Input for this task:
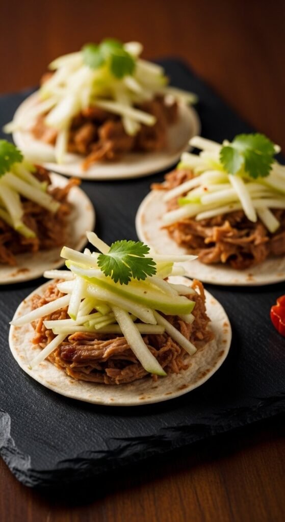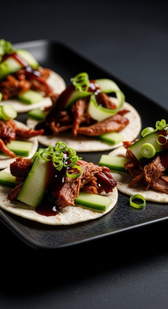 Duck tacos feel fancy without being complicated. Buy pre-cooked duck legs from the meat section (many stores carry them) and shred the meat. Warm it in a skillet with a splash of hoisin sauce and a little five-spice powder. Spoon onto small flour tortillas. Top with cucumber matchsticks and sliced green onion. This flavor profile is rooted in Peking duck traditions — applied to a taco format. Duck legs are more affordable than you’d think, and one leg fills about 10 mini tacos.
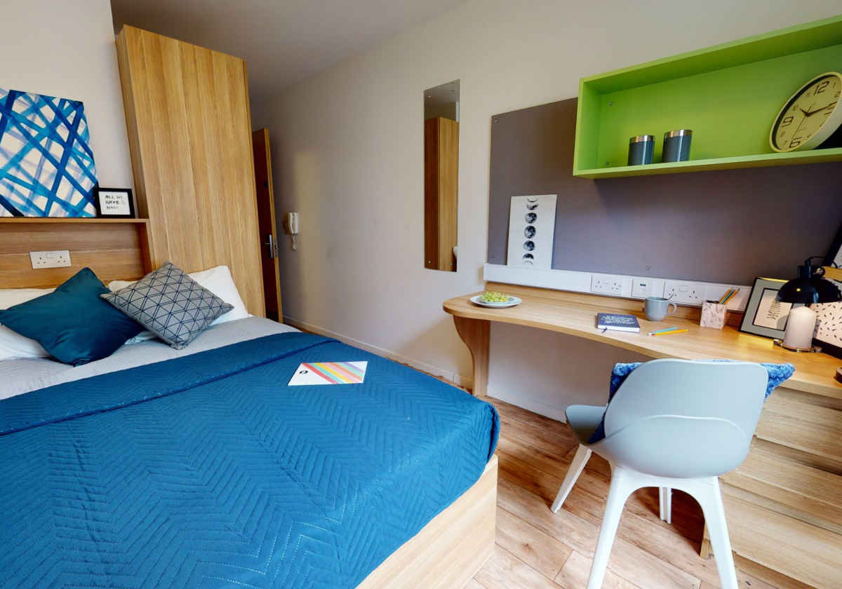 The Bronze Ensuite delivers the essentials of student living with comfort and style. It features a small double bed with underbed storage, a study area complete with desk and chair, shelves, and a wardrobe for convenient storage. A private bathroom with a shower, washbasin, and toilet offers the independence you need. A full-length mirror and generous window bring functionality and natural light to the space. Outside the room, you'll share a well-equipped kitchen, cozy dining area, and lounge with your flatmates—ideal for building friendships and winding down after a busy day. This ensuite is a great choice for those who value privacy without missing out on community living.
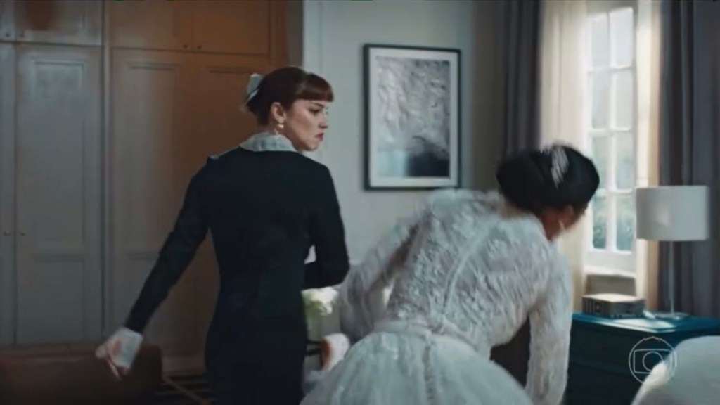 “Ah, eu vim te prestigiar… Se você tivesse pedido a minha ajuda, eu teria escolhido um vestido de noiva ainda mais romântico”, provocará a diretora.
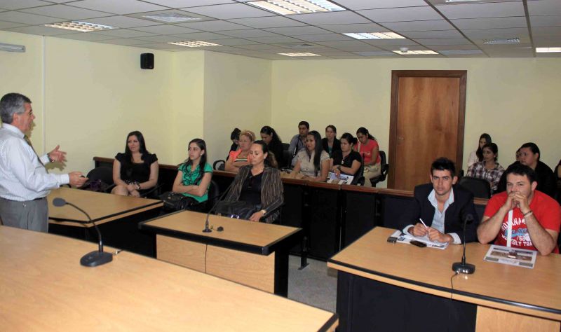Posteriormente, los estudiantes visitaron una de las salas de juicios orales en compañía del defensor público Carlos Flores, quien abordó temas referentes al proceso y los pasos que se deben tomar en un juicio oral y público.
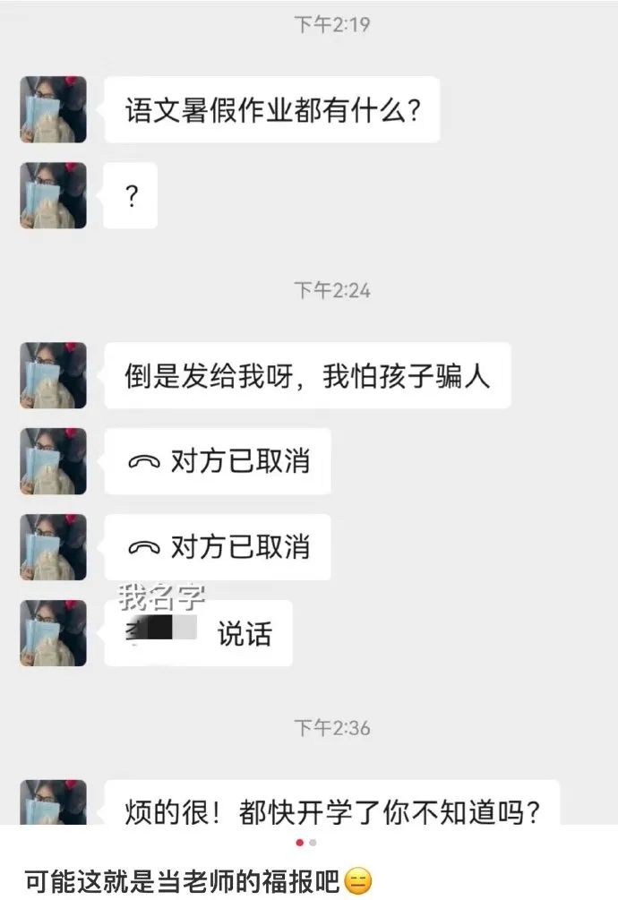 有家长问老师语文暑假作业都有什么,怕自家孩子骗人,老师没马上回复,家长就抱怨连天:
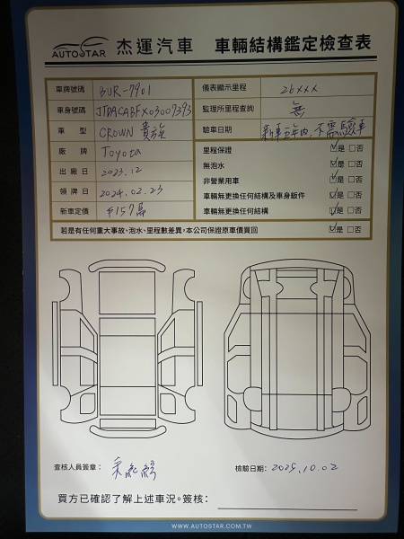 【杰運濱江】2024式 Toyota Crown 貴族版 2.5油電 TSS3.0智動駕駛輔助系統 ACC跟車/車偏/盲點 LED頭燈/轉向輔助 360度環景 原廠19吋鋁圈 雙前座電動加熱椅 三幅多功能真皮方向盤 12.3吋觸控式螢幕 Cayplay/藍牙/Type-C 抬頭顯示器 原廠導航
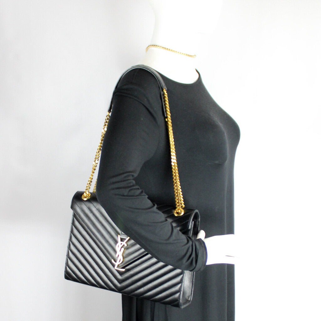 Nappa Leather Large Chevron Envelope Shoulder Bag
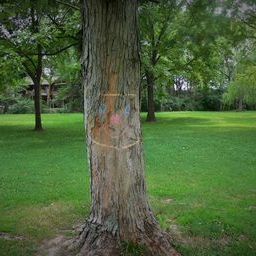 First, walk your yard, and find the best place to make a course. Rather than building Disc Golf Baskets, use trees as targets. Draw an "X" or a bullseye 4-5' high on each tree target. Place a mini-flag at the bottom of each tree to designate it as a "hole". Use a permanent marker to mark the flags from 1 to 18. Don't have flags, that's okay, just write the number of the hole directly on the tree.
==
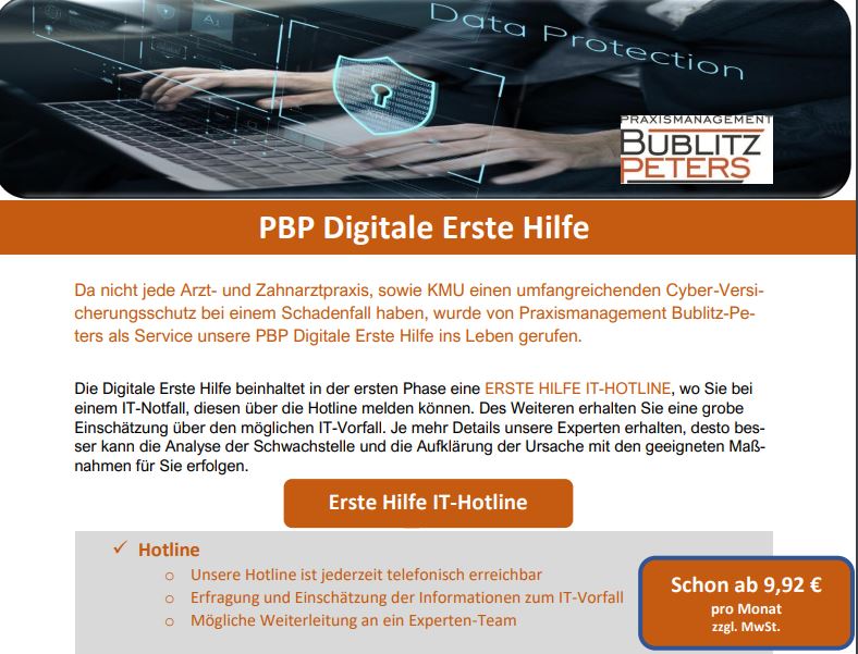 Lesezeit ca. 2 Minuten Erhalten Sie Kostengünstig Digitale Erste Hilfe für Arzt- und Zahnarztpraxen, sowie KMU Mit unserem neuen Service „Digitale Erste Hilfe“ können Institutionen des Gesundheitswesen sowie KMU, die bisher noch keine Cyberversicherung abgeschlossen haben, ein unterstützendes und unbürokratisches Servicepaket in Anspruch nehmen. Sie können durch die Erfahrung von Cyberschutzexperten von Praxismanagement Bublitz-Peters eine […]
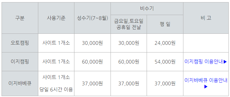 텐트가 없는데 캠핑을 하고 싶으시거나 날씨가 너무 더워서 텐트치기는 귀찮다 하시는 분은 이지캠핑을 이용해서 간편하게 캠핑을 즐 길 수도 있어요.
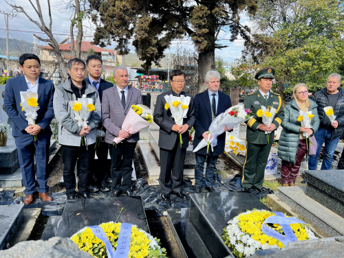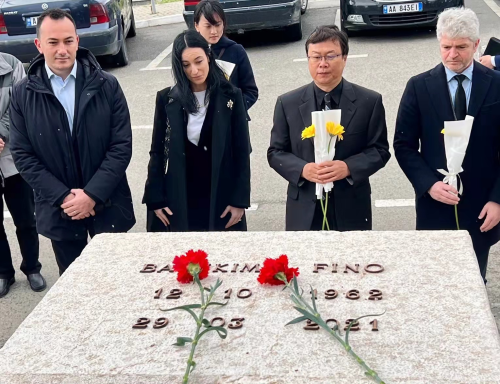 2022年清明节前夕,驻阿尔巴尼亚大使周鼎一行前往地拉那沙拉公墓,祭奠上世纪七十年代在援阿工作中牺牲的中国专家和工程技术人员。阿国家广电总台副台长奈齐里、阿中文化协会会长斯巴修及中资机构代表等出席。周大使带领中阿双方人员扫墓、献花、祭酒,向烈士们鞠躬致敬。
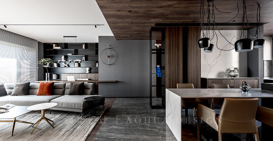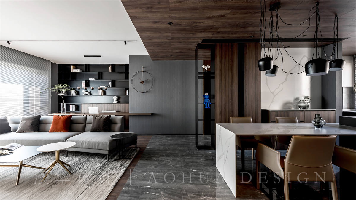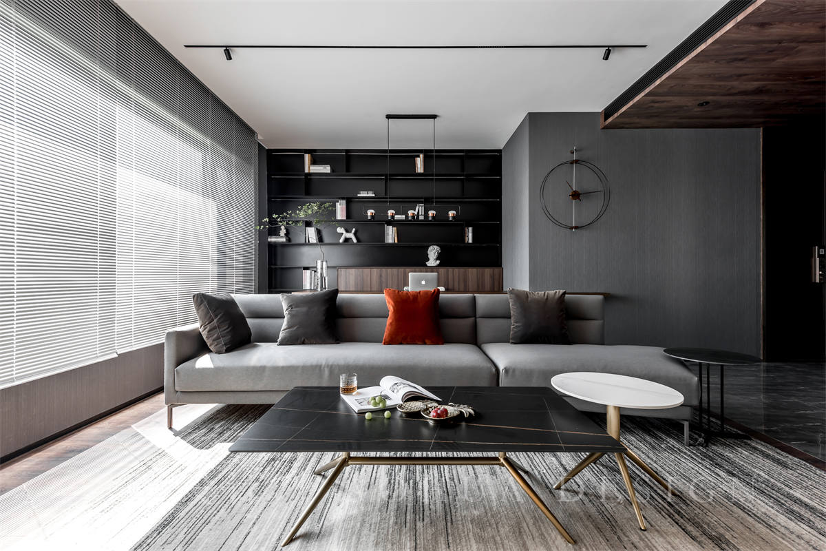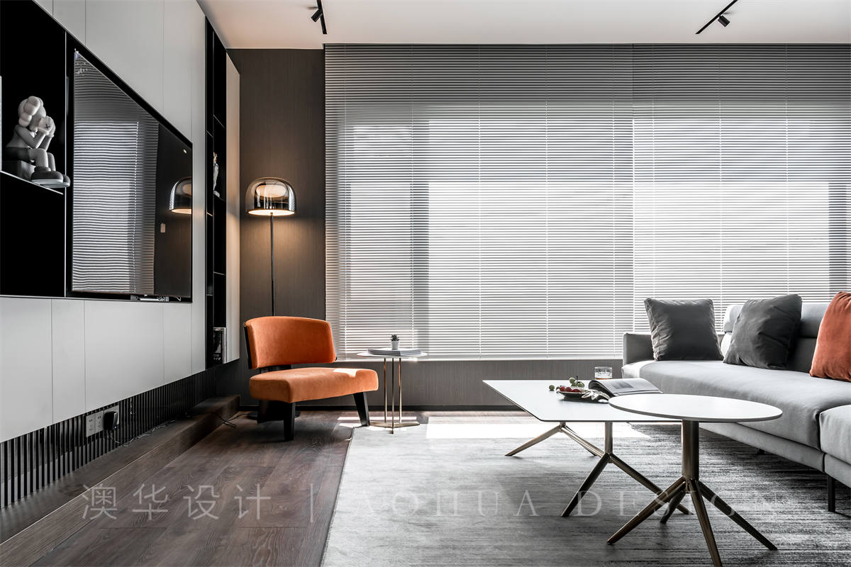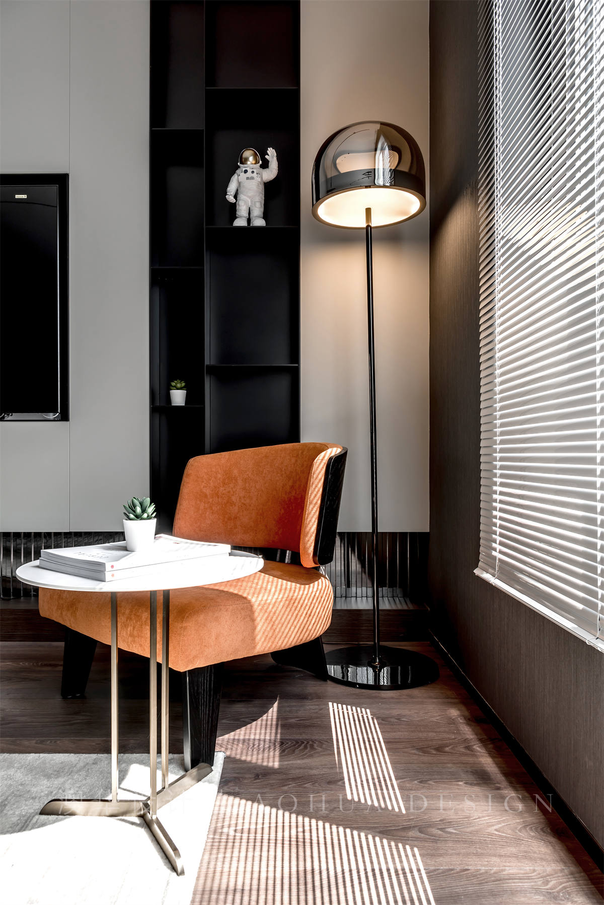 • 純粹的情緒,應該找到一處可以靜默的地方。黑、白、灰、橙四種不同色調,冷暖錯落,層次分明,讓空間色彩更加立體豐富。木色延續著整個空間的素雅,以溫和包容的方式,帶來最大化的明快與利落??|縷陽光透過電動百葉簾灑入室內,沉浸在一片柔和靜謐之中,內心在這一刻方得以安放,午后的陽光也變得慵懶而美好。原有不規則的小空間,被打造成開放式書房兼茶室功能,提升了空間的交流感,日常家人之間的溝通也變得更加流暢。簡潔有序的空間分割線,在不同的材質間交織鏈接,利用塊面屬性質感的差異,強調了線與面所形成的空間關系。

What is needed:
The answer is the lines above from the one with "Nappa Leather Large" to the one with "First, walk your", set down exactly, with no pictures.

Task output:
 Nappa Leather Large Chevron Envelope Shoulder Bag
 First, walk your yard, and find the best place to make a course. Rather than building Disc Golf Baskets, use trees as targets. Draw an "X" or a bullseye 4-5' high on each tree target. Place a mini-flag at the bottom of each tree to designate it as a "hole". Use a permanent marker to mark the flags from 1 to 18. Don't have flags, that's okay, just write the number of the hole directly on the tree.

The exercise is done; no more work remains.